*** Opening Data provided ***

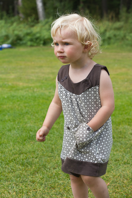 Albert war ein grosser Held im Wasser und schwamm mit den Schwimmflügeln allein bis zu einer Platform im See, von der er dann mehrfach beherzt wieder ins Wasser sprang. Emma war angetan von den Enten (die sie, mitsamt ihrem Kleid, bis ins Wasser jagte) und von einem Hund, den sie partout mit Gras füttern wollte. Der Hund ist nicht auf den Bildern, ihre Grassammelaktion aber sehr wohl.
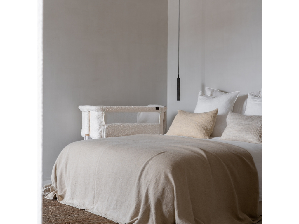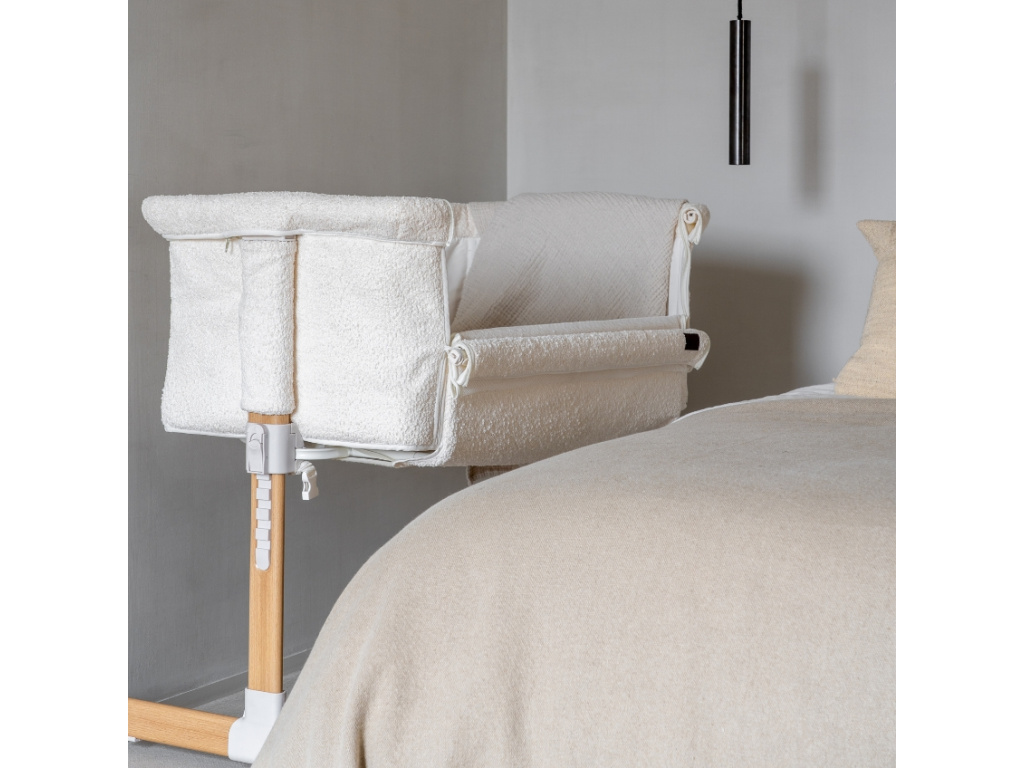 Pro první měsíce života všeho miminka je praktická postýlka Quax Side by Side jako stvořená. Bude ideálním společníkem, pokud ji budete chtít umístit vedle postele a mít tak děťátko stále u sebe. Díky čtyřem kolečkům na podnoži se s ní snadno manipuluje. Postýlka se pyšní měkoučkým bouclé potahem, který lze v případě potřeby jednoduše sundat a vyprat. Na něm najdete část na zip, kterou lze odepnout a vy tak budete mít k ratolesti blíže. Díky průsvitné síťce na děťátko také snadno dohlédnete. Postýlka má nastavitelnou výšku a v případě, že miminko trpí refluxem, ji můžete na jedné straně jednoduše zvýšit. Součástí postýlky je také měkká matrace o velikosti 84 x 50 cm. Tato postýlka je výjimečně všestranná a přizpůsobivá a skvěle zapadne i do menších prostor. Hliníková podnož je v krásném designu dřeva.
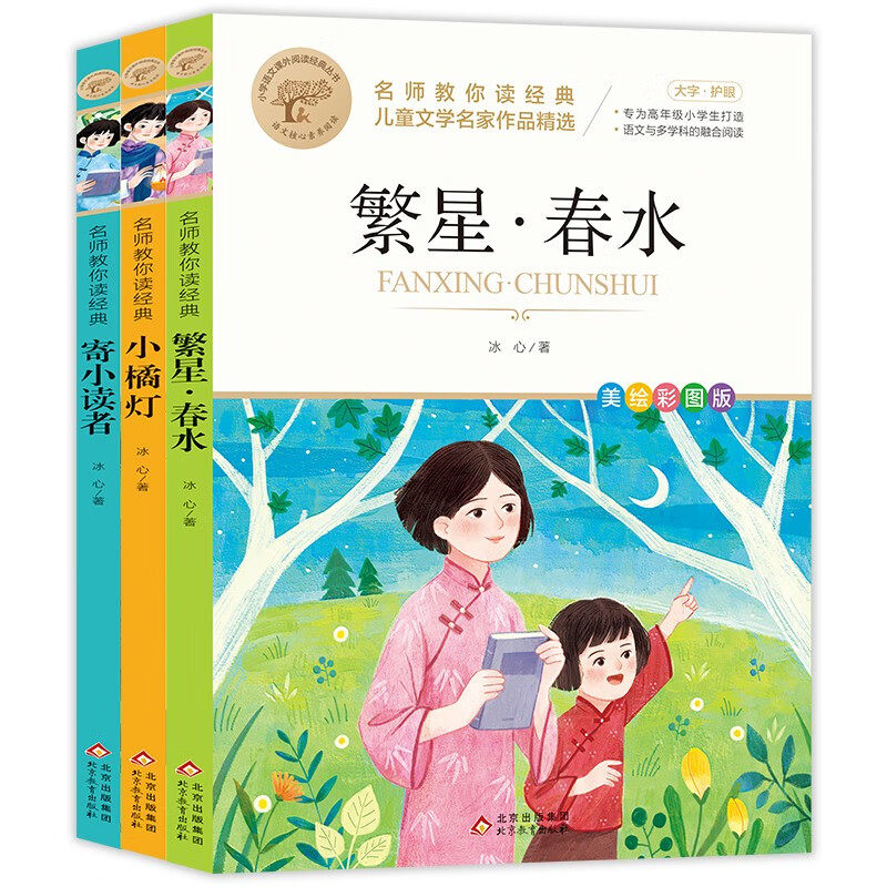 冰心三部曲儿童文学全集青少年版适合三四五六年级下册阅读的课外书籍现代诗散文集繁星春水寄小读者桔灯橘小学生获奖作品

*** Closing Data provided ***

◆ Task prompt
The whole listing should be restated word for word, with no pictures.

◆ Finished exercise
 Albert war ein grosser Held im Wasser und schwamm mit den Schwimmflügeln allein bis zu einer Platform im See, von der er dann mehrfach beherzt wieder ins Wasser sprang. Emma war angetan von den Enten (die sie, mitsamt ihrem Kleid, bis ins Wasser jagte) und von einem Hund, den sie partout mit Gras füttern wollte. Der Hund ist nicht auf den Bildern, ihre Grassammelaktion aber sehr wohl.
 Pro první měsíce života všeho miminka je praktická postýlka Quax Side by Side jako stvořená. Bude ideálním společníkem, pokud ji budete chtít umístit vedle postele a mít tak děťátko stále u sebe. Díky čtyřem kolečkům na podnoži se s ní snadno manipuluje. Postýlka se pyšní měkoučkým bouclé potahem, který lze v případě potřeby jednoduše sundat a vyprat. Na něm najdete část na zip, kterou lze odepnout a vy tak budete mít k ratolesti blíže. Díky průsvitné síťce na děťátko také snadno dohlédnete. Postýlka má nastavitelnou výšku a v případě, že miminko trpí refluxem, ji můžete na jedné straně jednoduše zvýšit. Součástí postýlky je také měkká matrace o velikosti 84 x 50 cm. Tato postýlka je výjimečně všestranná a přizpůsobivá a skvěle zapadne i do menších prostor. Hliníková podnož je v krásném designu dřeva.
 冰心三部曲儿童文学全集青少年版适合三四五六年级下册阅读的课外书籍现代诗散文集繁星春水寄小读者桔灯橘小学生获奖作品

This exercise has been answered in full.